# Feature Engineering & Advanced ML — Notes, Explanations and Code

_Contains: what it does, when to use, and runnable code templates (commented where needed)._

## 1. Handling Missing Values

**What it does:** Fills or removes missing values (NaN) so models can train properly.

**When to use:** Use whenever your dataset has missing entries. Choose strategy based on data type and missingness pattern.
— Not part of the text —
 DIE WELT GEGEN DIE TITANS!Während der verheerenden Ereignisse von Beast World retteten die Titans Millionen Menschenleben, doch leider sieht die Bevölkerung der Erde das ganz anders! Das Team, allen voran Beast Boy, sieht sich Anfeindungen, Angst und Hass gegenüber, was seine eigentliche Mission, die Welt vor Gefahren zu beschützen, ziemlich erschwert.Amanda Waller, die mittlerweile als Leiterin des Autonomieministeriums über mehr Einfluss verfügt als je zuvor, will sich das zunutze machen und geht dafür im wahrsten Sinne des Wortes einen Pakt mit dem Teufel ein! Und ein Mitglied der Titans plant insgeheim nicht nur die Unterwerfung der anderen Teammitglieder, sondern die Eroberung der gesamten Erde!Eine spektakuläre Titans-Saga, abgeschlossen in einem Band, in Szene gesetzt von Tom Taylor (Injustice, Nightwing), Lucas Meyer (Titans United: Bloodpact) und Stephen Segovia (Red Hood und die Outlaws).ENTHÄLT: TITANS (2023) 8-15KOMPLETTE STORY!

**Common techniques:** Mean/median/mode imputation, forward/backward fill, KNN/Iterative imputer, drop rows/columns.

In [None]:
# EXAMPLES: Handling Missing Values
import pandas as pd
import numpy as np
from sklearn.impute import SimpleImputer
from sklearn.impute import KNNImputer

# sample DataFrame
df = pd.DataFrame({'age':[25, np.nan, 37, 29],
                   'salary':[50000, 60000, np.nan, 52000],
                   'city':['A','B','A', None]})

# 1) SimpleImputer (mean / median / most_frequent)
mean_imp = SimpleImputer(strategy='mean')
# df['age'] = mean_imp.fit_transform(df[['age']])
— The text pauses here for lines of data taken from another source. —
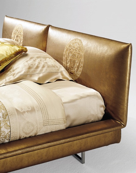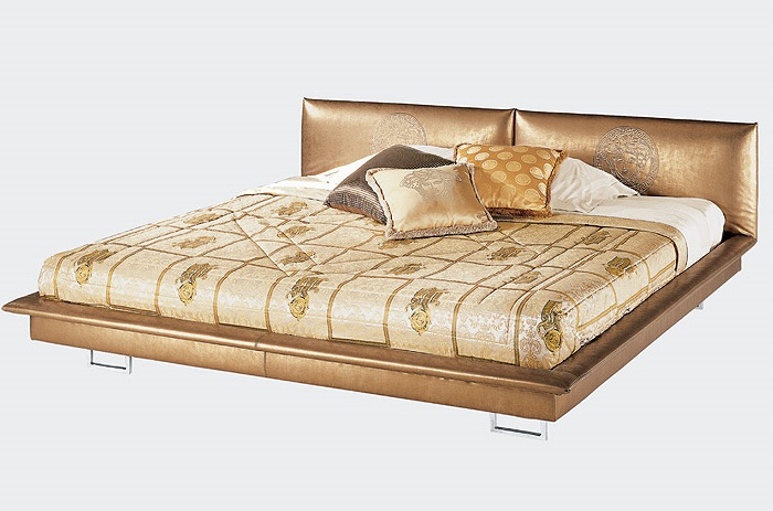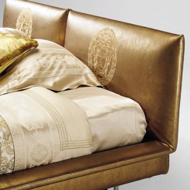 Double bed Spencer from the Italian producer of Versace Home. Model on low metal legs. The frame is hidden. The upholstery is available leather or textile. Upholstered headboard adorned with decorative pattern. The bed is made in a modern style.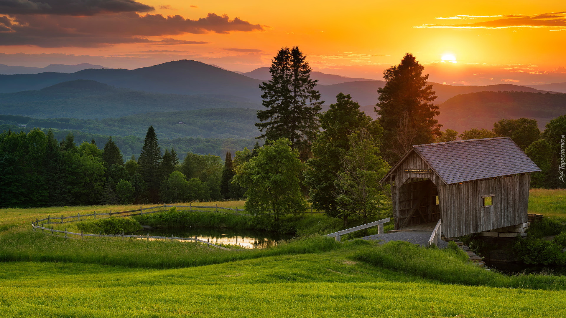 Edytor tapety: Zadaszony most AM Foster Covered Bridge w Cabot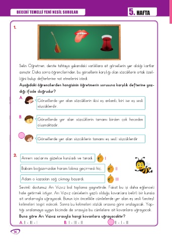 ait sıralamayla uğrayacak. Bunun için öncelikle cümlelerde yer alan eş sesli (sesteş)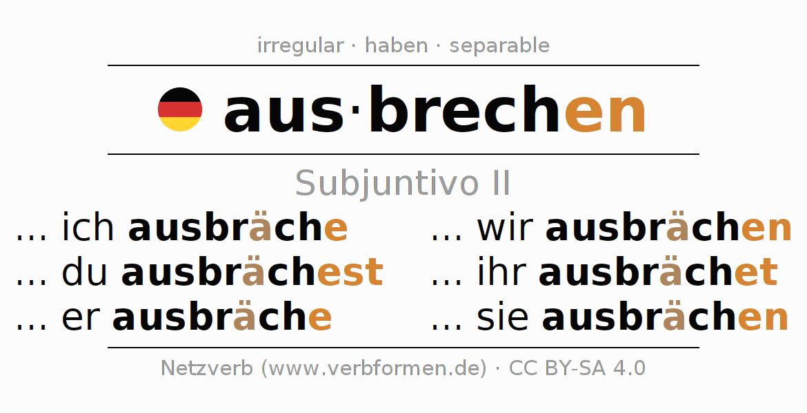 El verbo ausbrechen (hat), conjugado completamente en todas las personas y números gramaticales en Subjuntivo Pretérito.

# 2) KNNImputer (uses nearby rows)
knn = KNNImputer(n_neighbors=2)
# df[['age','salary']] = knn.fit_transform(df[['age','salary']])
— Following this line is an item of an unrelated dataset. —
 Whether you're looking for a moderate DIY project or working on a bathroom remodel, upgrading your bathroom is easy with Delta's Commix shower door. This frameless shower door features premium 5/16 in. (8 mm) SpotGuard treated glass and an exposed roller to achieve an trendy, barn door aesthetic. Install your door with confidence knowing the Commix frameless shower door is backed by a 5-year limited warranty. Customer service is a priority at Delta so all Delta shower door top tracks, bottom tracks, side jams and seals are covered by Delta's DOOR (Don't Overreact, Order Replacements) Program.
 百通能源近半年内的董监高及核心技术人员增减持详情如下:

# 3) Forward/Backward fill
# df.fillna(method='ffill', inplace=True)  # or 'bfill'

# 4) Drop rows with too many missing values
# df = df.dropna(subset=['age','salary'])

# Note: uncomment lines above to run on your actual data.


## 2. Encoding Categorical Variables

**What it does:** Converts string/ categorical values to numeric so ML models can use them.

**When to use:** When dataset contains categorical/text columns. Choose method based on cardinality and whether order matters.

**Techniques:** Label Encoding, One-Hot, Target Encoding, Frequency/Binary/Hash encoding.

In [None]:
# EXAMPLES: Encoding
import pandas as pd
from sklearn.preprocessing import LabelEncoder, OneHotEncoder
from sklearn.compose import ColumnTransformer

df = pd.DataFrame({'city':['NY','LA','NY','SF'], 'quality':['low','high','medium','low'], 'target':[0,1,0,1]})

# 1) Label Encoding (for ordinal)
le = LabelEncoder()
# df['quality_enc'] = le.fit_transform(df['quality'])

# 2) One-Hot Encoding (for nominal) using pandas
# df_ohe = pd.get_dummies(df, columns=['city'], drop_first=True)

# 3) Target Encoding (mean target per category)
# df['city_te'] = df.groupby('city')['target'].transform('mean')

# 4) Frequency Encoding
# freq = df['city'].value_counts().to_dict()
# df['city_freq'] = df['city'].map(freq)


## 3. Feature Scaling

**What it does:** Brings numeric features to a similar scale which helps many algorithms converge faster and perform better.

**When to use:** For distance-based models (KNN, SVM), gradient-based models (NN), or when features have very different units.

**Techniques:** StandardScaler, MinMaxScaler, RobustScaler.

In [None]:
# EXAMPLES: Scaling
from sklearn.preprocessing import StandardScaler, MinMaxScaler, RobustScaler
import pandas as pd

df = pd.DataFrame({'age':[20,40,60], 'income':[20000, 50000, 120000]})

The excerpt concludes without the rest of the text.